▶

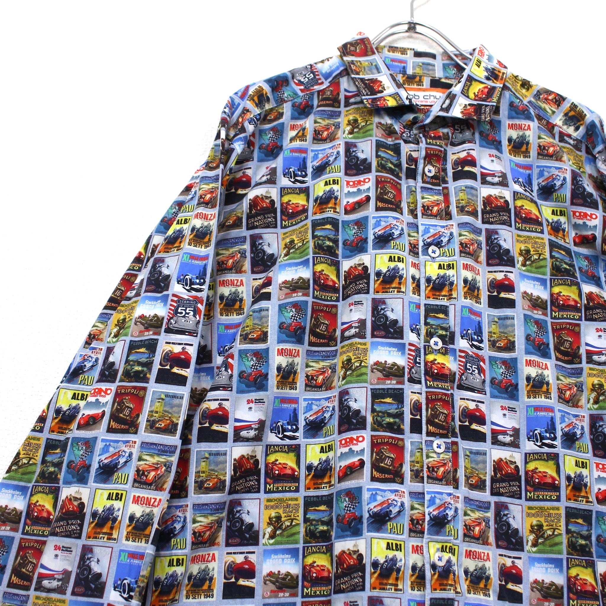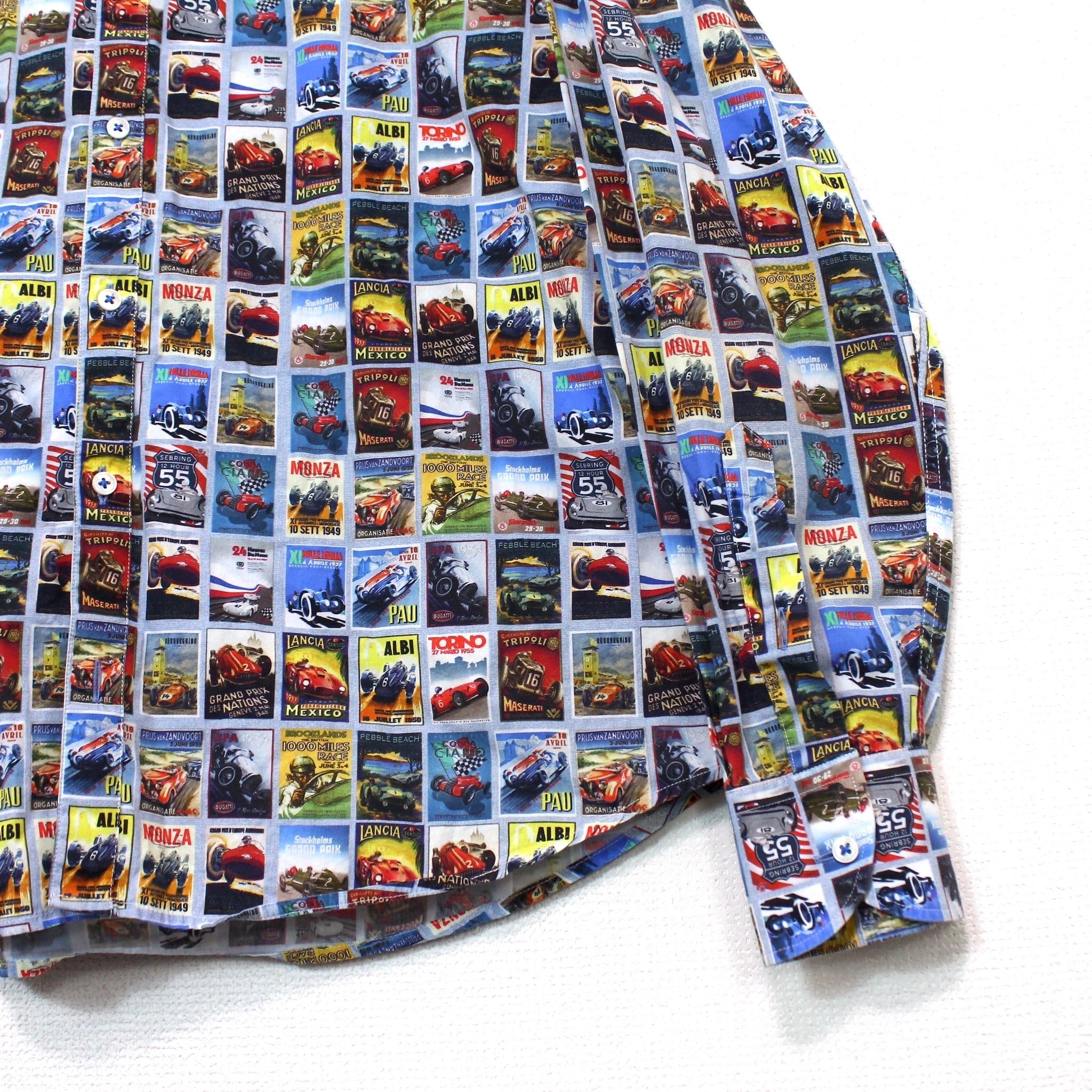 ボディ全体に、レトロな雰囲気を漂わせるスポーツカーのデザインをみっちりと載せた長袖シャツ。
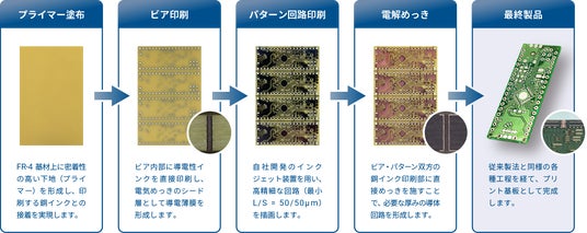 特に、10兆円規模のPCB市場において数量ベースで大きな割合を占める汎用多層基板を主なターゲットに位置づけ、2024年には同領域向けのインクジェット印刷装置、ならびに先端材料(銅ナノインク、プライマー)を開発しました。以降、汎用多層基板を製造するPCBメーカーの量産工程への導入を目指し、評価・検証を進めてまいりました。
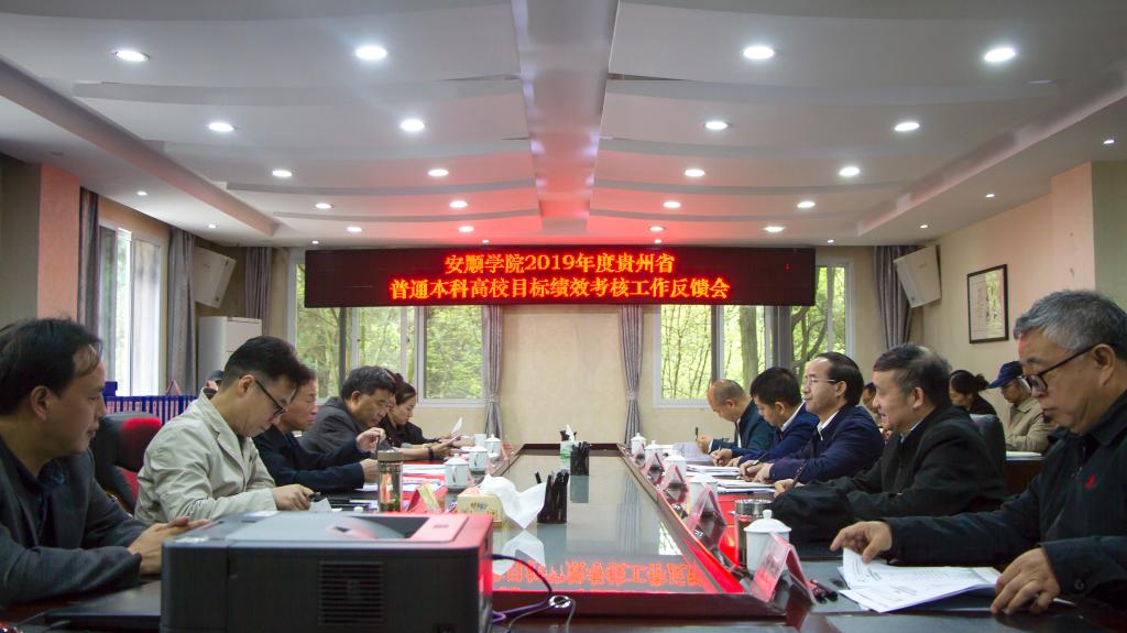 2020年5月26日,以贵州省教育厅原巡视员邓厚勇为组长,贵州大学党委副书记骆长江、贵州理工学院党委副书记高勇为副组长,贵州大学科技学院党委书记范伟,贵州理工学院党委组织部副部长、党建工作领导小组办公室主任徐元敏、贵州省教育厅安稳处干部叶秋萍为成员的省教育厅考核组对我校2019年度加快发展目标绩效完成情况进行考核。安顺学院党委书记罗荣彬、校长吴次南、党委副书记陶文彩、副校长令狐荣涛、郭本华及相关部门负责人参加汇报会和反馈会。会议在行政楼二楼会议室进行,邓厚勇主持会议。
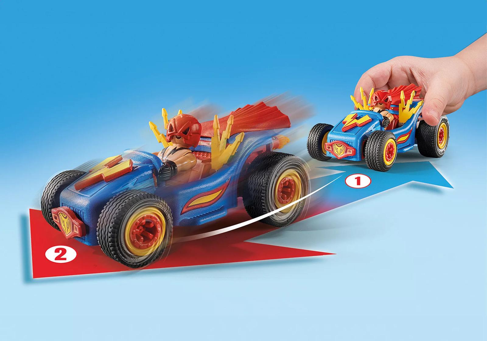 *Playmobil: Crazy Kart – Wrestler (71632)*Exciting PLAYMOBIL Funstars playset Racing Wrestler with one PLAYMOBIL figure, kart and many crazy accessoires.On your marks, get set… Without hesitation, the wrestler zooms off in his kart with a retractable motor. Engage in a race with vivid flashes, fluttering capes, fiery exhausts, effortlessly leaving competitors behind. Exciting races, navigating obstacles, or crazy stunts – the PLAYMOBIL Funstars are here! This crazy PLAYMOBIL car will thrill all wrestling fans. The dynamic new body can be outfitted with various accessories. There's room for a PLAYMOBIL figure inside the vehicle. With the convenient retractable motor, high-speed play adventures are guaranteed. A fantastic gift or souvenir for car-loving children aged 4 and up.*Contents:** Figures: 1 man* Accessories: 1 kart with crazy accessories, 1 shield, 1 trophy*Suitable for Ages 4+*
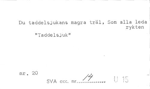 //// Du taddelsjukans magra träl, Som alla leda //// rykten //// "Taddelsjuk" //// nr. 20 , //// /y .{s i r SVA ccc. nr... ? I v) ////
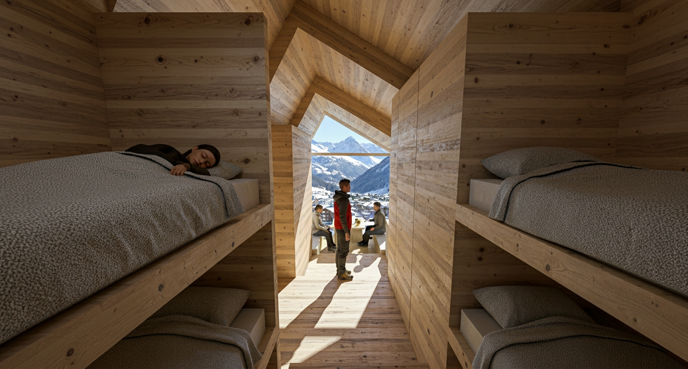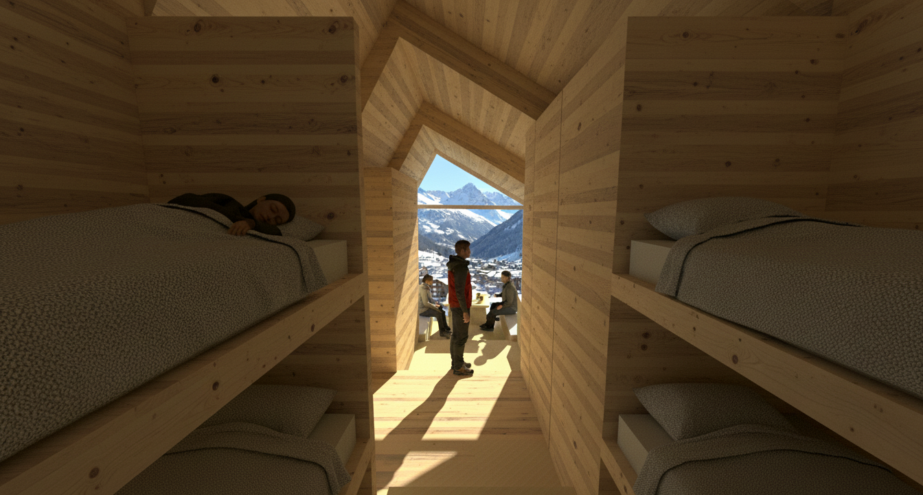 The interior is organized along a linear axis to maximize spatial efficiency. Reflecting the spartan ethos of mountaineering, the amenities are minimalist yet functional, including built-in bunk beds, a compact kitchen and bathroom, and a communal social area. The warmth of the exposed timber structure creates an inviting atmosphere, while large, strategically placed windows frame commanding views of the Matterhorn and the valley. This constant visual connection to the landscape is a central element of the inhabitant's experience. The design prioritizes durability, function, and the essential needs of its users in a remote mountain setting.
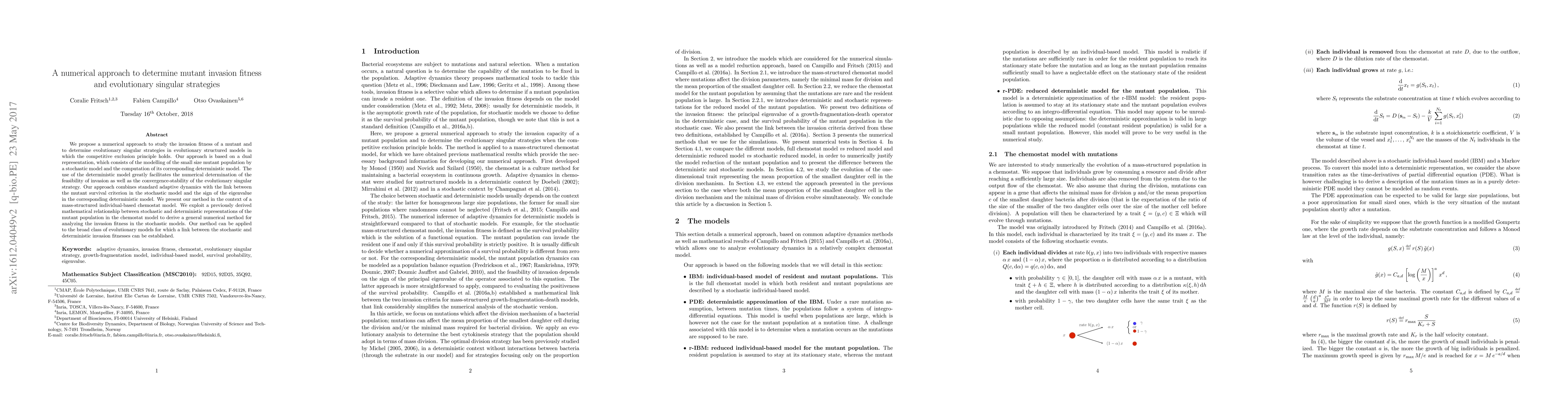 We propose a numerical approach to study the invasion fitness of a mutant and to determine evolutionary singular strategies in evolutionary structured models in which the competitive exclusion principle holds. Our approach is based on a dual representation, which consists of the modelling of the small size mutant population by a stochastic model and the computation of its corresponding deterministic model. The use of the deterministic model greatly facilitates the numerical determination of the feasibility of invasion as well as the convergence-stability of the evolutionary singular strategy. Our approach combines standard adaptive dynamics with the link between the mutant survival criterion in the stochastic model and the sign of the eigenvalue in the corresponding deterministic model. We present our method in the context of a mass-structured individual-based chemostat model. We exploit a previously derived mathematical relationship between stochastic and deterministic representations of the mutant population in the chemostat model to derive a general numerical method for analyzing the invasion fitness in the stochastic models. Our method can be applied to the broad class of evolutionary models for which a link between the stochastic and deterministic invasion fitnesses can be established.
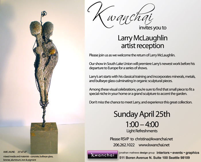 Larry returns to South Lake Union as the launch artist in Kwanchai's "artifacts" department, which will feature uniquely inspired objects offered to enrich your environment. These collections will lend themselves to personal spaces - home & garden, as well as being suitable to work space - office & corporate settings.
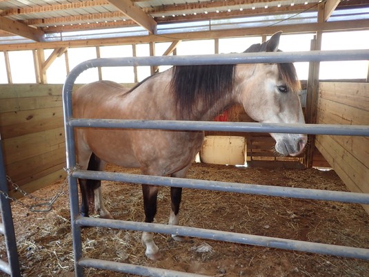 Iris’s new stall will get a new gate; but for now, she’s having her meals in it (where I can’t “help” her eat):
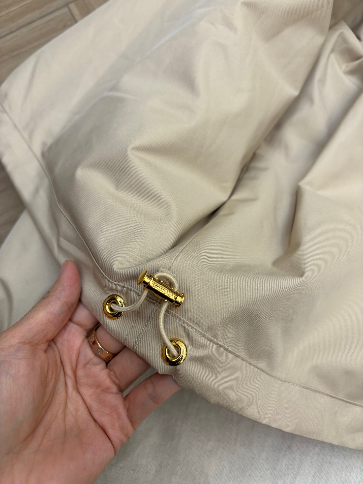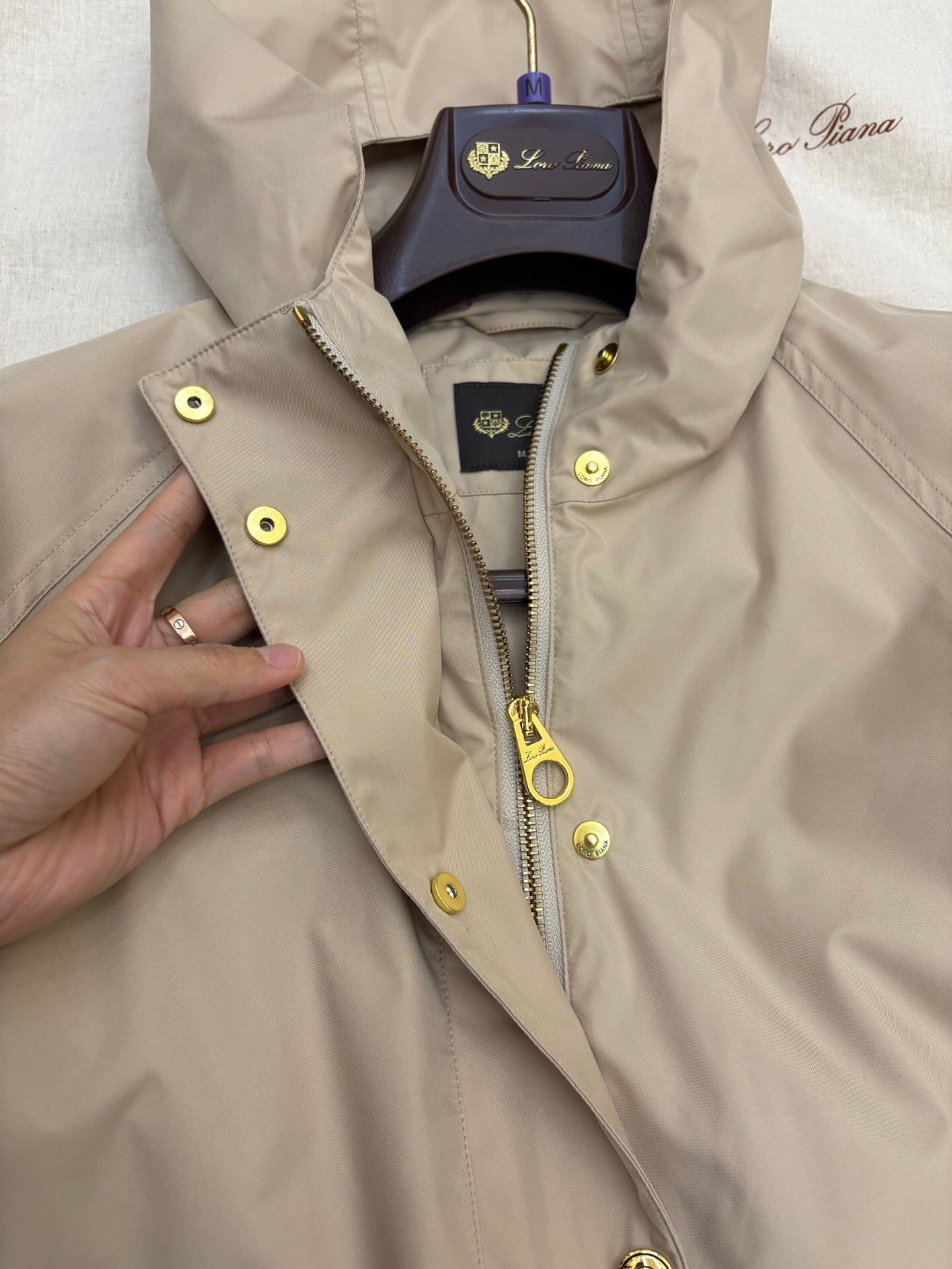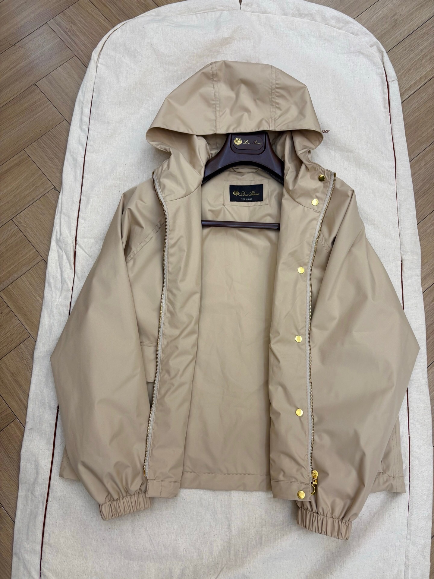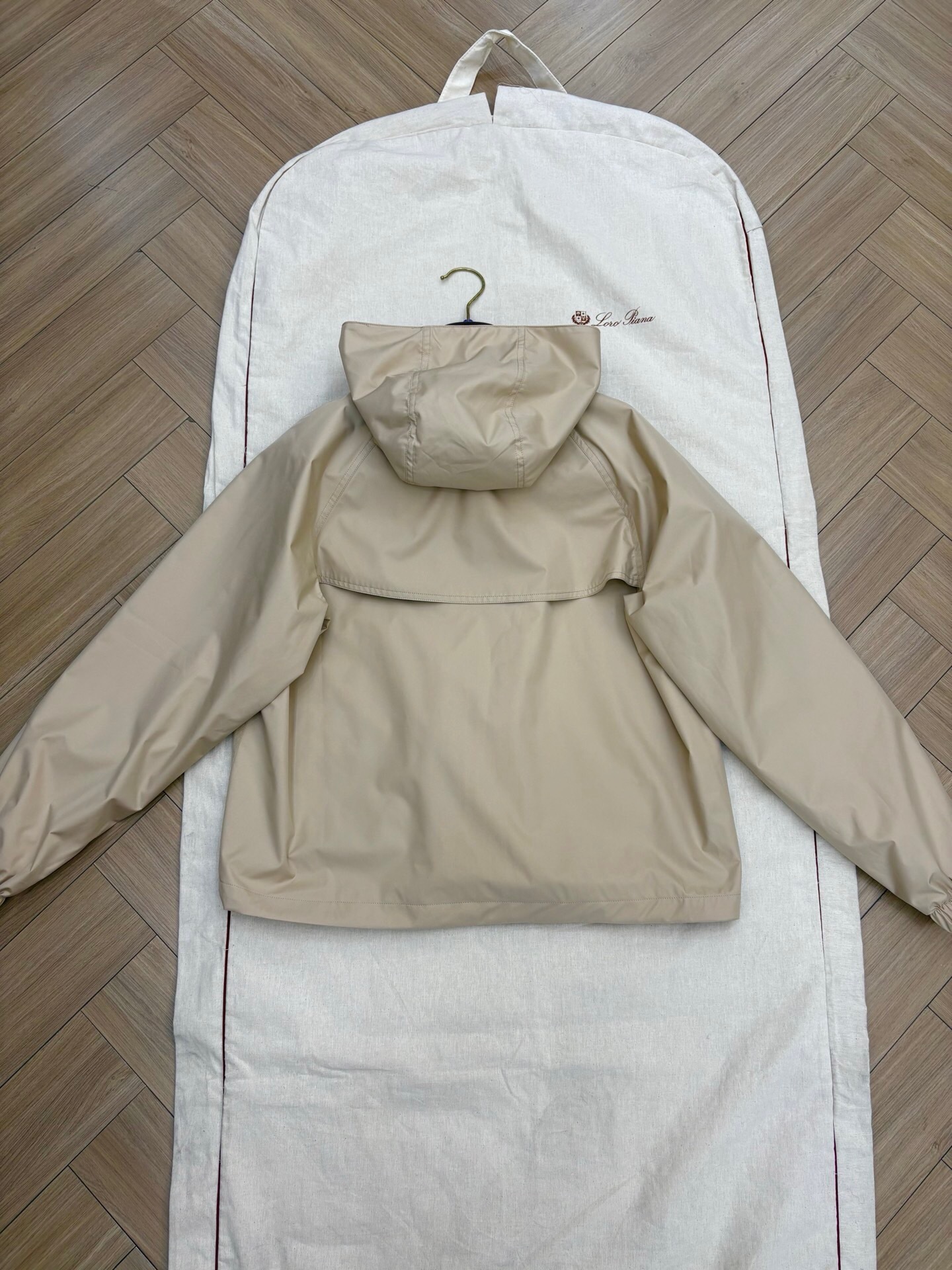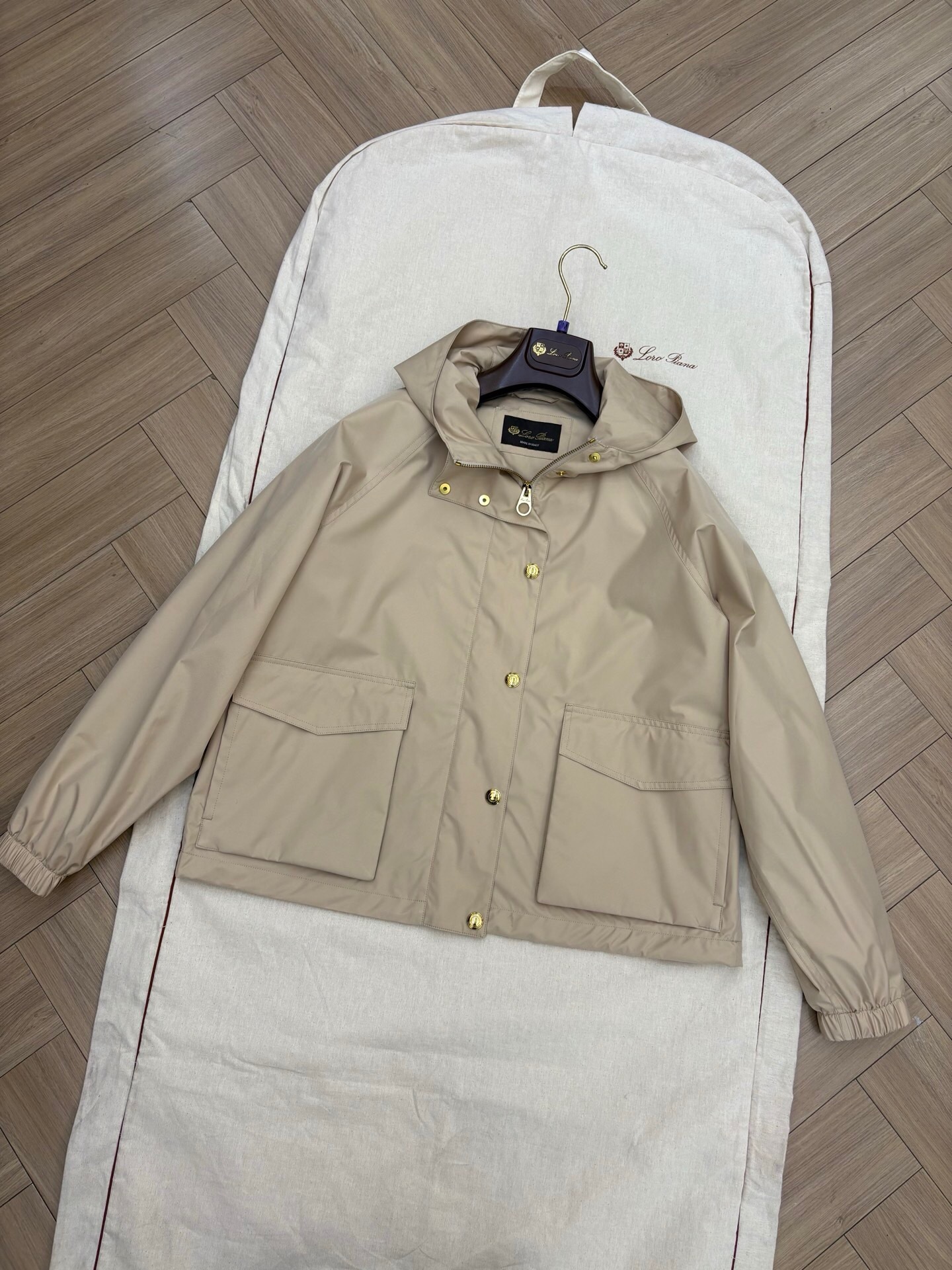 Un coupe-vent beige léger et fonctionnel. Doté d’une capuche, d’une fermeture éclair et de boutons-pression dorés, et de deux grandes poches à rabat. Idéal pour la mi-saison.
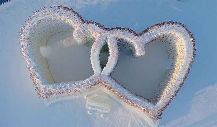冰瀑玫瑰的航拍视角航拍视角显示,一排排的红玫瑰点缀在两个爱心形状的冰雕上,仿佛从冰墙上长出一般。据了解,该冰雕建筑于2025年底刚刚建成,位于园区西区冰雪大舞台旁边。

◀

● **Task prompt**
Return exactly what appears from the opening line of the material through the line with "2020年5月26日,以贵州", apart from the pictures.

● **Response for this exercise**
 ボディ全体に、レトロな雰囲気を漂わせるスポーツカーのデザインをみっちりと載せた長袖シャツ。
 特に、10兆円規模のPCB市場において数量ベースで大きな割合を占める汎用多層基板を主なターゲットに位置づけ、2024年には同領域向けのインクジェット印刷装置、ならびに先端材料(銅ナノインク、プライマー)を開発しました。以降、汎用多層基板を製造するPCBメーカーの量産工程への導入を目指し、評価・検証を進めてまいりました。
 2020年5月26日,以贵州省教育厅原巡视员邓厚勇为组长,贵州大学党委副书记骆长江、贵州理工学院党委副书记高勇为副组长,贵州大学科技学院党委书记范伟,贵州理工学院党委组织部副部长、党建工作领导小组办公室主任徐元敏、贵州省教育厅安稳处干部叶秋萍为成员的省教育厅考核组对我校2019年度加快发展目标绩效完成情况进行考核。安顺学院党委书记罗荣彬、校长吴次南、党委副书记陶文彩、副校长令狐荣涛、郭本华及相关部门负责人参加汇报会和反馈会。会议在行政楼二楼会议室进行,邓厚勇主持会议。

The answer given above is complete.